UN General Assembly 2023: Island nations impacted by climate change come down heavily on rich countries 

Island nations enduring the worst part of climate change this week went up against rich nations at the United Nations General Assembly 2023, saying the failure by developed nations to act with urgency had jeopardised the survival of islands. 

Saint Lucia Prime Minister Philip Pierre told the UNGA on Friday that there were numerous among them, the little and marginalised islands, encompassed by rising seas and burned by increasing temperatures, who are starting to question the yearly parade of “flowery speeches and public pretence of brotherhood”, also called the U.N. annual General Assembly.

A few speakers at the week-long event cited U.N. Secretary-General Antonio Guterres, who in July forewarned that the period of global warming had finished and “the era of global boiling has arrived.”  

An apparent absence of earnestness by developed countries was a repetitive subject.
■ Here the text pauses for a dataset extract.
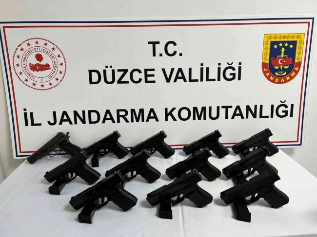 Düzce'nin Kaynaşlı ilçesinde Jandarma Komutanlığına bağlı ekipler Yeşiltepe köyünde K.K. isimli şahsın silah kaçakçılığı yaptığı yönde duyum aldı. İstihbaratı değerlendiren ekipler yapılan fiziki ve teknik takip sonrası K.K.'nın evine baskın yaptı. Ekipler, yapılan baskında 11 adet tabanca ve bu tabancalara ait mühimmat ele geçirdi. Gözaltına alına K.K. hakkında adli işlem başlatıldı.

Speakers underlined that an inability to adequately check greenhouse gas emissions had added to rising ocean levels, compromising islands and low-lying countries. 
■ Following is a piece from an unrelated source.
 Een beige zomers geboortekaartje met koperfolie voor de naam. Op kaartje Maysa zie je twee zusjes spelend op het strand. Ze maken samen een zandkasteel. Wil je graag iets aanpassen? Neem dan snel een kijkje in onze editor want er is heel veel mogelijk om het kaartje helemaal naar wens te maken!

The Prime Minister of Barbados Mia Mottley said the issue is that those whose actions are most needed might be so positive about their endurance that they “don’t act early enough for us”. 

Under the 2015 Paris Agreement on climate change relief, nations planned to restrict the rise in worldwide temperatures to 1.5 degrees Celsius (2.7 degrees Fahrenheit), the brink researchers say would head off the most terrible effects of warming. 

To meet that objective, researchers say the world requires to cut down worldwide emissions by half by 2030, and to net-zero by 2050. 

Wesley Simina, leader of Micronesia, said on Thursday that sadly, the international community has not done sufficient work to get smaller nations and island countries on track to restrict the worldwide average temperature increase to 1.5 degrees Celsius. 

He added that people need to go through the news on any given day to see the proof of the climate crisis in decimating impacts all over the planet. 

Marshall Islands President David Kabua called for the foundation of a global funding facility to help little island and low-lying countries confronting natural disasters. 

Kabua said nations going to the U.N. COP28 climate summit starting in November should perceive that the world is neglecting to follow through on the Paris Agreement and settle on a guide to correct course, including doing away with fossil fuels

These difficulties may be inconvenient for enormous economies – however Kabua said he can guarantee the “climate impact’s already at our door”.

U.S. President Joe Biden will organise a second summit with heads of the Pacific Islands Forum at the White House on Monday, where climate will be on the agenda. The summit is essential for Washington’s endeavours to move forward commitment with a region where the U.S. is in a fight for influence with China.